The torch begins things and the torch can end things. I like that about it. I like that it channels something as elegant or brutal as fire and relies on my skill to decide which it will be. On a good day I can solder the wings onto a fly (I tell my students) but on a less good day I ignite the stray things on my bench and singe the cat. On a bad day I have the RMT (Reverse Midas Touch) and the torch in my hand can reduce a week of work to a puddle. But, ironically, on an average day in my studio the puddle is where things begin.  In a clay crucible I melt scrap and false starts and pour that hot little puddle into fresh ingots, which I roll into sheet, draw down into thin wire or forge. I like that too, the recycling. It takes some of the fear and caution away, since I can always start again.

There’s a zone between the molten puddle and solid metal. Cranking up the oxygen or propane, tweaking the flame or pulling the fire away gives me control enough that I can play for a while in that semi-melt zone. Metals act like clay there. At around 1600° F a sheet of silver begins to sag and then crumbles or breaks; a bit more heat and edges become round and broken bits begin to fuse together. More still and you can burn a hole right through the middle of a solid sheet. Hmmmm. Too much heat and you start again. I try to stick to the first three and avoid the last.

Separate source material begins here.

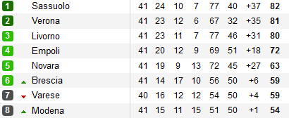 Lupta pentru promovare este extrem de stransa. Sassuolo conduce clasamentul in Serie B, cu o etapa inainte de finalul sezonului. Avantajul este insa foarte fragil. Primele trei echipe sunt despartite de doar doua puncte. Locurile 1 si 2 asigura promovarea directa, fara baraj.
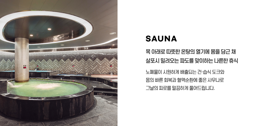 경남 서부 최대 규모의 찜질방까지 다양한 최고급 시설을 체험하고 심신이 조화를 이룬다.

I’ve used this particular torch for thirty years – I know, I know, I must have been a baby when I found it back in New York. I write ‘found’ because I’m not sure how I came by it.  Probably it was used, which I also like. It has traveled with me across the country and from studio to studio. The torch is an old-school Hoke, the kind that the old timers used and my teacher had at his bench. Like ducklings following a bowling ball, I’m sure that I imprinted on his. Different tips screw on to produce larger or smaller flames as the job requires. They are tiny and made of brass, although mine are charred and scaled. The character of the flame is adjusted by balancing the mix of propane and oxygen. It’s a bit like fiddling with the hot and cold valves in the shower. A big bushy flame is gentle and heats big things evenly; a hissy, pointy little flame is hot enough to spot heat and weld.

Ninja soldering: get in, do the job and get out. Linger too long and you do serious damage. The torch giveth and the torch taketh away.